Сквозь сжатые зубы Морин спросила:
– А вы имеете что-то против ирландцев?
– Вовсе нет, мисс… Просто я думаю, что если бы ирландцы существовали во времена фараонов, то в Ветхом Завете они вошли бы в историю как восьмой бич Египта. А теперь можете ли вы сказать, почему вы подрались?
Бессетт расставил вещи по своим местам.
– Мы не дрались.
– Правда? Значит, следы на ваших почтенных лицах – обман зрения?
– На нас напали.
– Неужели? И кто же?
– Один гангстер.
– Да ну! И где же он теперь, этот нехороший человек?
– Извините, пожалуйста, но он не знал, что вы должны прийти, иначе обязательно дождался бы вас, чтобы вы смогли одеть на него наручники.
– Очень остроумно… Может вы будете так любезны сказать, почему этот человек привел вас в такое состояние?
– Потому что у нас были наркотики.
– Потому что у вас были наркотики…
До Джека Эйвери, наконец, дошло сказанное. Он почти закричал:
– Что вы сказали? Наркогики? Какие наркотики?
– Не могу точно сказать – кокаин или героин.
Констебль незаметно ущипнул себя и убедился, что это ему не снится. Он решил, что перед ним – либо ненормальные, либо преступники, которые под воздействием полученных побоев потеряли свою бдительность. Он аккуратно сложил блокнот, в который записывал ответы Морин и Фрэнсиса, и сухо приказал:
– Уверен, что сержант будет– очень рад выслушать вас.

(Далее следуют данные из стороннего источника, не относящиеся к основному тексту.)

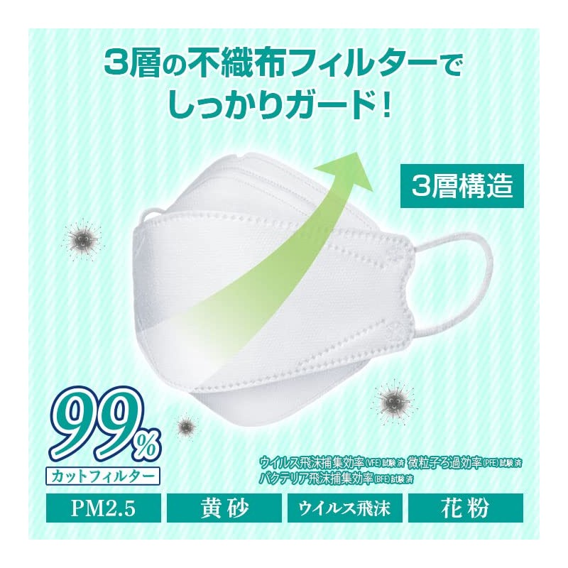 - 【3層フィルター】高機能不織布フィルターでウイルス飛まつ・花粉・黄砂・PM2.5をブロック。
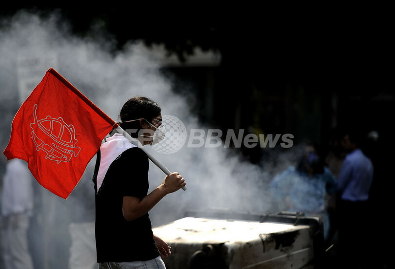 【6月29日 AFP】ギリシャで28日、政府の財政緊縮策に反対する主要労組がゼネスト入りする中、同じく政府の方針に抗議する1万人が首都アテネ(Athens)の国会議事堂前の広場でデモを行った。参加した一部の若者が火炎びんを投げ付けるなどして暴徒化し、警察の暴動鎮圧部隊が催涙ガスを発射する事態となった。
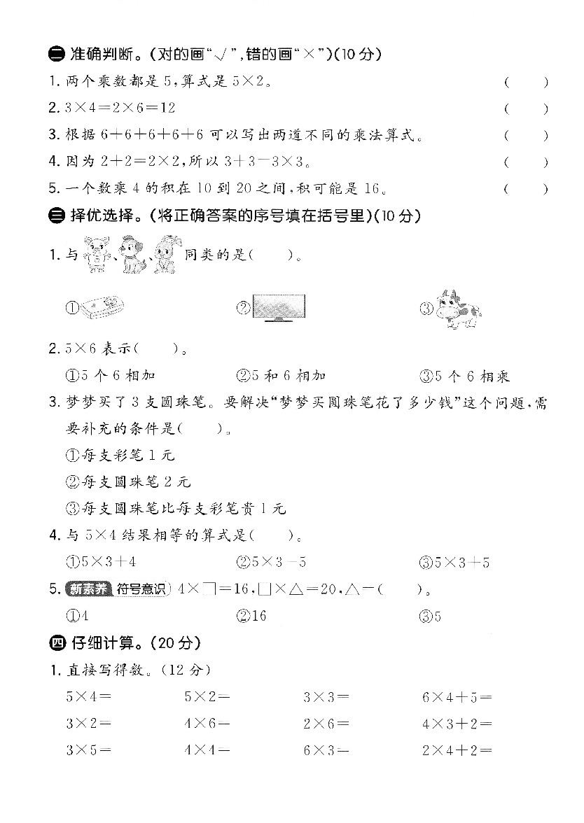 小学 二年级(上)数学月考测试卷一《青岛63版》
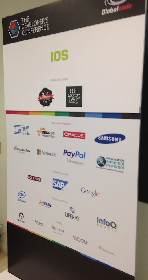 Com muita satisfação, fui palestrante da trilha de iOS do evento. A trilha foi organizada pelo CocoaHeads BR e Appsterdam BR e contou com um total de sete palestras, que foram:
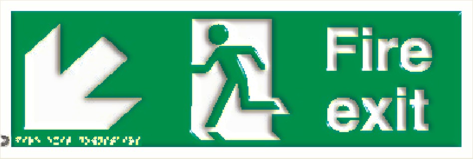 Fire exit, diagonal down left, braille, tactile, sign, signs,
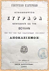 Το εξώφυλλο των διπλωματικών εγγράφων που κατατέθηκαν στη Βουλή το 1886 από τον υπουργό των Εξωτερικών Θεόδωρο Δεληγιάννη σχετικά με το θέμα του αποκλεισμού της Αθήνας. Αθήνα, Βιβλιοθήκη της Βουλής. © Βιβλιοθήκη της Βουλής, Αθήνα.
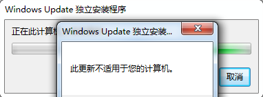 到这里,补丁下载好了,安装出错了,显示“此更新不适用于您的计算机”
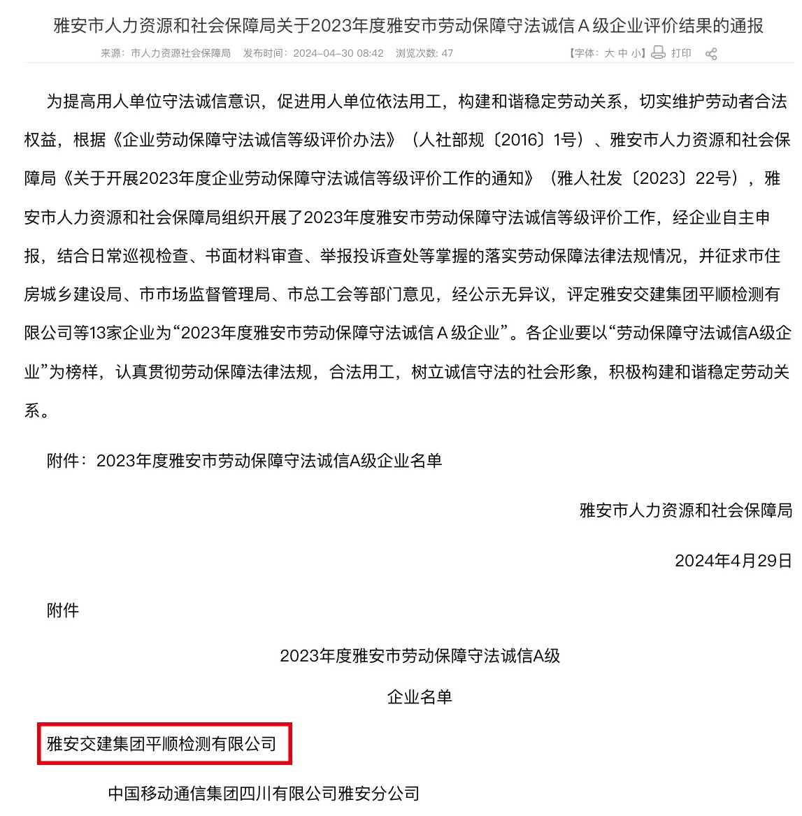 喜報!雅安交建集團(tuán)平順公司榮獲2023年度市級勞動保障守法誠信A級企業(yè)
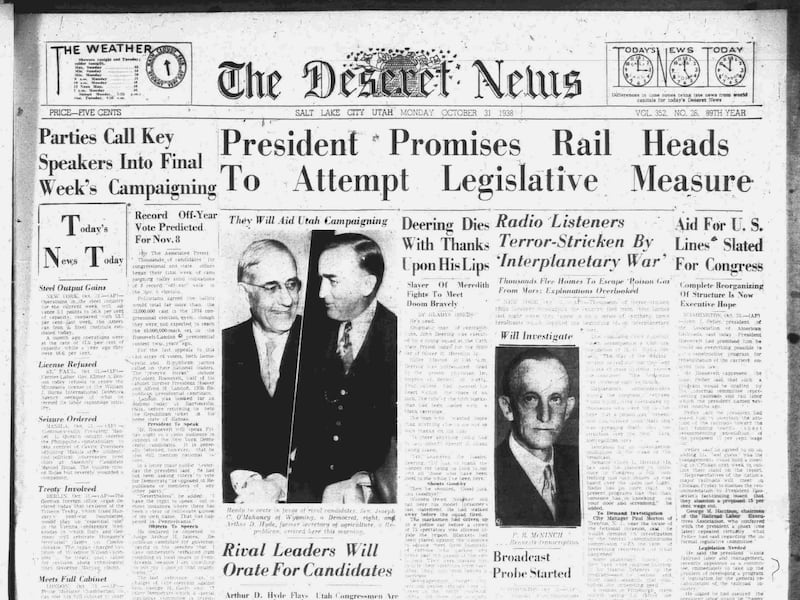 “Radio listeners panic-stricken by ‘interplanetary war,’” read the front page of the Deseret News on Monday, Oct. 31, after the performance. Here are some stories from Deseret News archives on “War of the Worlds.”
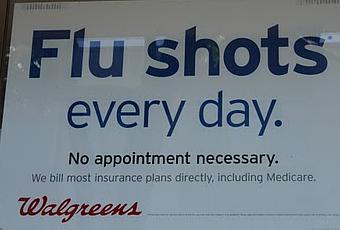 Por eso, aunque aquí llame la atención, es muy habitual ver en los supermercados y centros de venta de medicamentos (tipo Walgreens o CVS) este cartel como reclamo para la vacuna de la gripe:
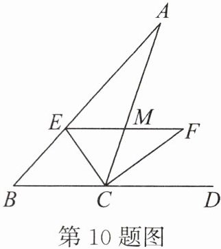 10. 如图,在$\triangle ABC$中,$CE平分\angle ACB$,$CF平分\angle ACD$,且$EF// BC$,$EF与AC交于点M$。若$CM = 5$,求$CE^{2}+CF^{2}$的值。

– Мы сами будем рады увидеться с ним.
Ничего не понимая, констебль, предоставив Бессетгу вести велосипед, чем вызвал любопытство гуляющих, отвел их в Честер. В это время Морин думала о том, что скажет лодочник, когда они вернутся без лодки.
* * *
Сержант Николас Таккер ненавидел воскресенья, особенно, когда они выпадали на дни его дежурств. Его огорчало то, что сограждане, одев воскресные костюмы, на целых двенадцать часов прерывали обычные дружеские отношения, и никто из них не хотел зайти к Таккеру, чтобы развлечь его простой, ни к чему не обязывающей болтовней, позволяющей напоминать о дружбе. Это значило, что с самого воскресного утра у него было прескверное наст роение, и горе тем, кто нарушал в этот день закон на территории его участка! Итак, когда трио, состоящее из Джека Эйвери, Морин О'Миллой и Фрэнсиса Бессетта, вошло в помещение участка, при виде багрового лица констебля и побоев на лицах тех, кого тот уже считал преступниками, Николас Таккер обрадовался возможности на ком-то отыграться. В нескольких словах Эйвори обрисовал ему дело, и по мере продолжения рассказа очевидность ошибки констебля дошла до Таккера настолько, что он понял, что на этих двоих ему вряд ли удастся сорвать свою злость. Но едва констебль заговорил о наркотиках, его глаза радостно заблестели. Неужели этот придурок Эйвори напал на настоящее дело?
Спросив еще раз у Морин и Фрэнсиса их полные имена, он выслушал от Бессетта весь рассказ о его приключении с момента встречи с Джонни в баре. Нужно отметить, что хотя у Николаса Таккера был трудный характер, он был честным и достаточно умным человеком и сразу же понял, что Фрэнсис говорит чистую правду. Кроме того, он сам рассказал констеблю о наркотиках. И потом следы побоев на их лицах только подчеркивали правдивость истории: сержант достаточно прожил на свете, чтобы только по тому, как они смотрели друг на друга, понять, что у этой пары больше желания целоваться, чем обмениваться ударами. По тону начальника, которым он разговаривал с теми, кого констебль уже считал задержанными, Джек Эйвери понял, что попал не в очень приятную историю и вряд ли в этот раз газеты напишут о нем, как о герое.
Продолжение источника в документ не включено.